🤖 AI Summary
Collaborative perception (CP) is widely regarded as a pivotal solution to inherent limitations of single-vehicle perception—particularly under occlusion and at long ranges—yet the field lacks a systematic, rigorous survey. This study conducts a comprehensive review of 106 peer-reviewed papers, strictly adhering to the PRISMA 2020 guidelines. We propose a novel three-dimensional taxonomy—“modality–collaboration paradigm–perception task”—grounded in computer vision principles to characterize advances and bottlenecks in CP research. Crucially, we identify a structural misalignment between prevailing evaluation metrics and CP’s core objectives, such as collaborative robustness and spatiotemporal consistency.
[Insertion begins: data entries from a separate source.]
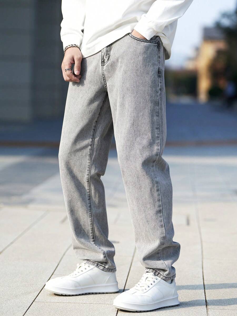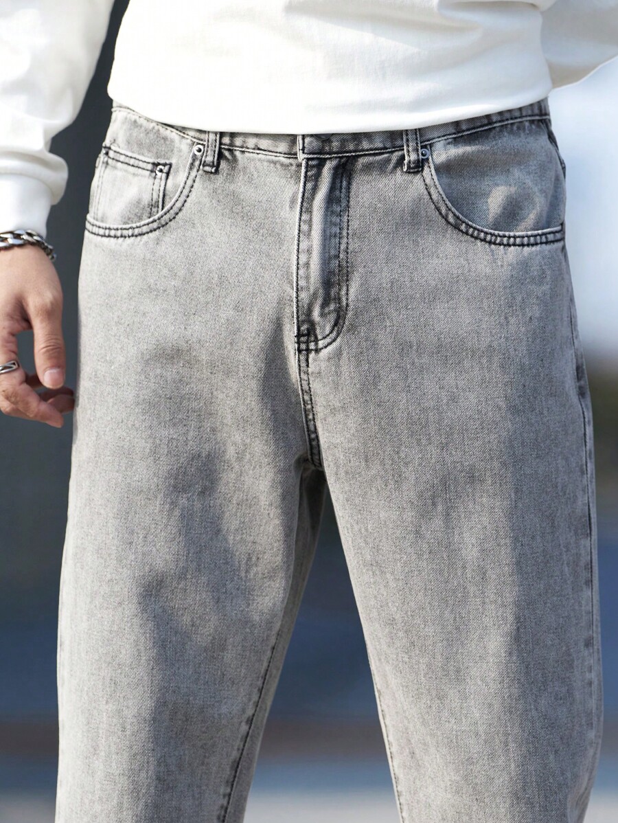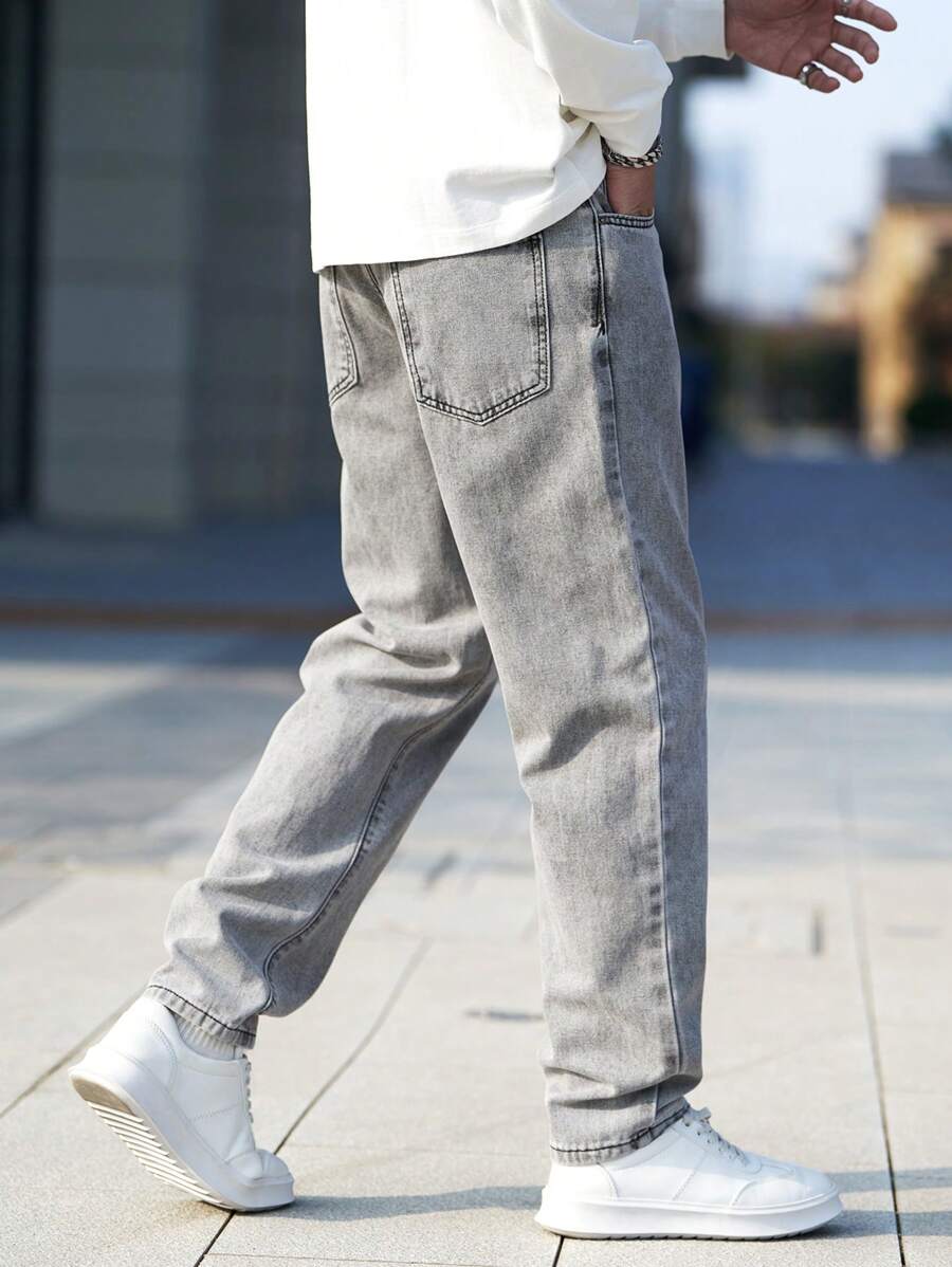 Manfinity RivetRise Men’s Casual Stone Washed Tapered Leg Jeans
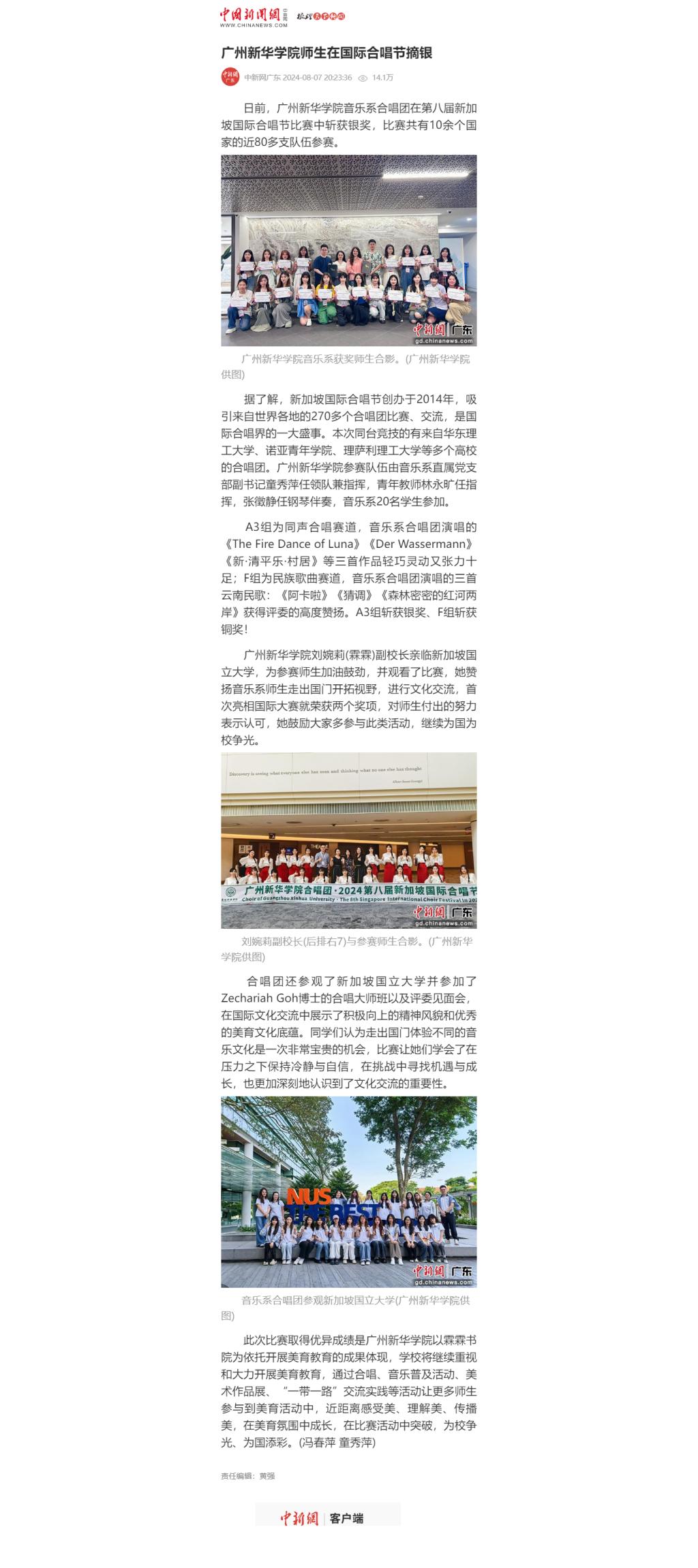 合唱团还参观了新加坡国立大学并参加了Zechariah Goh博士的合唱大师班以及评委见面会,在国际文化交流中展示了积极向上的精神风貌和优秀的美育文化底蕴。同学们认为走出国门体验不同的音乐文化是一次非常宝贵的机会,比赛让她们学会了在压力之下保持冷静与自信,在挑战中寻找机遇与成长,也更加深刻地认识到了文化交流的重要性。
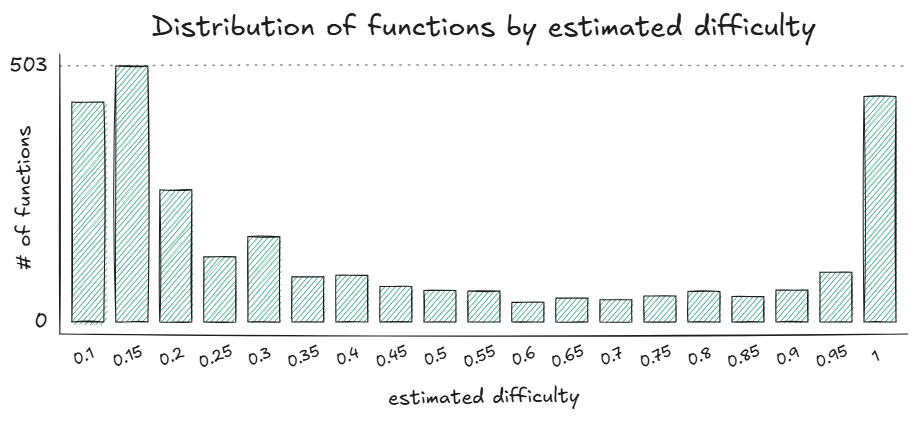 Цель компонента Score заключается в том, чтобы подбирать очередную функцию, самую простую из имеющихся, и передавать её на декомпиляцию Claude. В этом деле Claude уступает человеку, поэтому эффективнее будет тратить время и энергию на те задачи, в решении которых, скорее всего, удастся достичь существенного прогресса. Такой подход, кроме того, помогает заложить основу для декомпиляции более сложных функций, которые обычно обращаются к тем функциям, которые попроще, вызывая их. Понимание подобных зависимостей упрощает работу с более крупными фрагментами программ. Эту идею подкрепляют реальные доказательства, хотя всё устроено не так однозначно, как я изначально предполагал. А именно, 62,7% вызовов идут от более сложных функций к функциям менее сложным.

We further pinpoint five fundamental challenges: pose estimation errors, communication latency, domain shift, sensor/agent heterogeneity, and adversarial vulnerability. To address these, we introduce a reliability-oriented evaluation framework and provide a reproducible academic benchmark alongside a technical roadmap for algorithm design, system deployment, and standardization.
📝 Abstract
The effectiveness of autonomous vehicles relies on reliable perception capabilities. Despite significant advancements in artificial intelligence and sensor fusion technologies, current single-vehicle perception systems continue to encounter limitations, notably visual occlusions and limited long-range detection capabilities. Collaborative Perception (CP), enabled by Vehicle-to-Vehicle (V2V) and Vehicle-to-Infrastructure (V2I) communication, has emerged as a promising solution to mitigate these issues and enhance the reliability of autonomous systems. Beyond advancements in communication, the computer vision community is increasingly focusing on improving vehicular perception through collaborative approaches. However, a systematic literature review that thoroughly examines existing work and reduces subjective bias is still lacking. Such a systematic approach helps identify research gaps, recognize common trends across studies, and inform future research directions. In response, this study follows the PRISMA 2020 guidelines and includes 106 peer-reviewed articles. These publications are analyzed based on modalities, collaboration schemes, and key perception tasks. Through a comparative analysis, this review illustrates how different methods address practical issues such as pose errors, temporal latency, communication constraints, domain shifts, heterogeneity, and adversarial attacks. Furthermore, it critically examines evaluation methodologies, highlighting a misalignment between current metrics and CP's fundamental objectives. By delving into all relevant topics in-depth, this review offers valuable insights into challenges, opportunities, and risks, serving as a reference for advancing research in vehicular collaborative perception.